Partition Pushdown — Skip Entire Folders

When your data is stored with partitionBy("year","month"), filtering on those columns skips entire directories — no file listing, no read, nothing.

python

# Data partitioned by year and month
df = spark.read.parquet("s3://bucket/sales/")

# ✅ Partition filter with LITERAL → static pruning
df.filter((col("year") == 2024) & (col("month") == 3))
# explain() shows: PartitionFilters: [(year = 2024), (month = 3)]
# Only reads: s3://bucket/sales/year=2024/month=3/

# ❌ BAD: Applying function to partition col BREAKS partition pruning
from pyspark.sql.functions import year
df.filter(year(col("date")) == 2024)  # if date is not the partition col
# This reads ALL data and applies year() function — no pruning!

# ✅ Ensure your partition column is queried directly
# If you have year as a partition column, filter on it directly:
df.filter(col("year") == 2024)  # ← Uses partition pruning

16.7

Join Optimization

Joins are the most expensive operation in Spark. Choosing the right join strategy — or helping Spark choose it — is one of the highest-impact optimizations you can make.

🤝

All Join Strategies — BHJ, SMJ, SHJ, NLJ, Cartesian

Critical

▼

1. Broadcast Hash Join (BHJ) — The Fastest

When one side of the join is small (under spark.sql.autoBroadcastJoinThreshold, default 10MB), Spark broadcasts the entire small table to every executor. Each executor then does a local hash lookup — NO shuffle needed.

📢 Analogy

Give every worker a copy of a small lookup dictionary. They can look up values locally without ever asking anyone else — instant, no waiting.

python

from pyspark.sql.functions import broadcast

# ✅ Auto BHJ: small table under threshold (10MB default)
spark.conf.set("spark.sql.autoBroadcastJoinThreshold", "10MB")
result = df_large.join(df_small, on="country_id")
# Spark auto-detects df_small is tiny → broadcasts it

# ✅ Manual BHJ: force broadcast a specific table
result = df_large.join(broadcast(df_small), on="country_id")
# Always broadcasts df_small regardless of size setting

# ❌ Disable auto-broadcast (for testing or when table is large)
spark.conf.set("spark.sql.autoBroadcastJoinThreshold", "-1")

# Verify BHJ in plan
result.explain()
# Look for: BroadcastHashJoin, BuildRight (or BuildLeft)

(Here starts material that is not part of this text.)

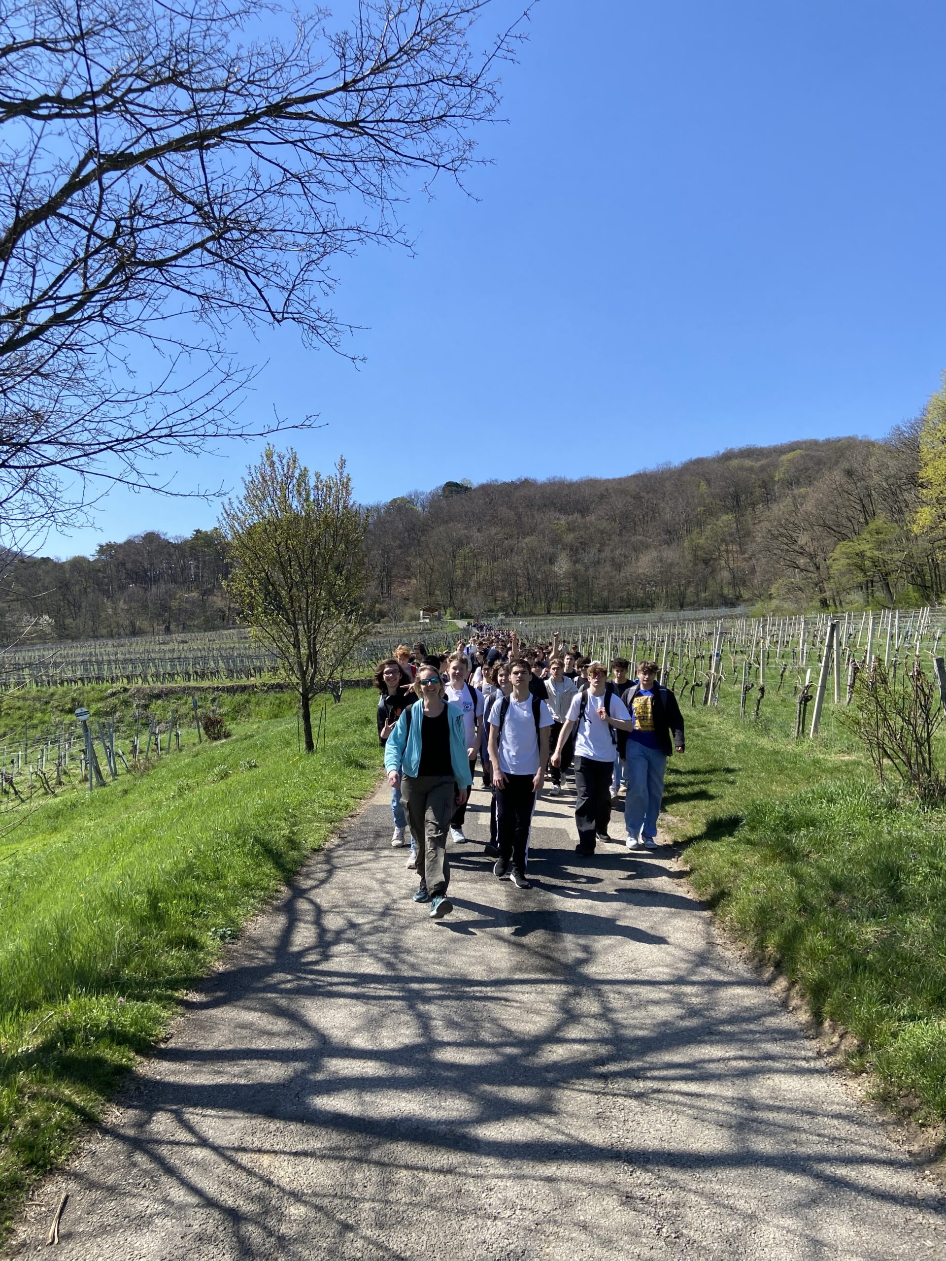 Rund 200 Schüler*innen der HWI machten sich am 4. April 2025 auf zum Wandertag – Ziel: die Perchtoldsdorfer Heide und der legendäre Salzstangerlwirt auf der Kugelwiese. Nachdem sämtliche Salzstangerl ausverkauft waren und genügend Sonne getankt wurde, stand der Abstieg am Plan. Auf dem Rückweg sorgte die wandernde Schülerkolonne für einen 15-minütigen Stillstand im Kreisverkehr beim Perchtoldsdorfer Marktplatz. Fazit: Viel frische Luft, volle Mägen – und ein Wandertag, der in die HWI-Geschichte eingeht.

2. Sort-Merge Join (SMJ) — The Default for Large Tables

When both tables are large, Spark uses Sort-Merge Join: it shuffles both tables by the join key, sorts both, and merges them. This requires two full shuffles — expensive but handles any data size.

python

# SMJ is used when both tables are large
# Force SMJ with a hint
result = df_large1.hint("MERGE").join(df_large2, on="id")

# Optimization: pre-sort and pre-bucket both tables
# If BOTH tables are bucketed on the same column with same bucket count
# → Spark skips the shuffle phase in SMJ!
df_large1.write.bucketBy(32, "customer_id").sortBy("customer_id") \
          .saveAsTable("orders_bucketed")
df_large2.write.bucketBy(32, "customer_id").sortBy("customer_id") \
          .saveAsTable("customers_bucketed")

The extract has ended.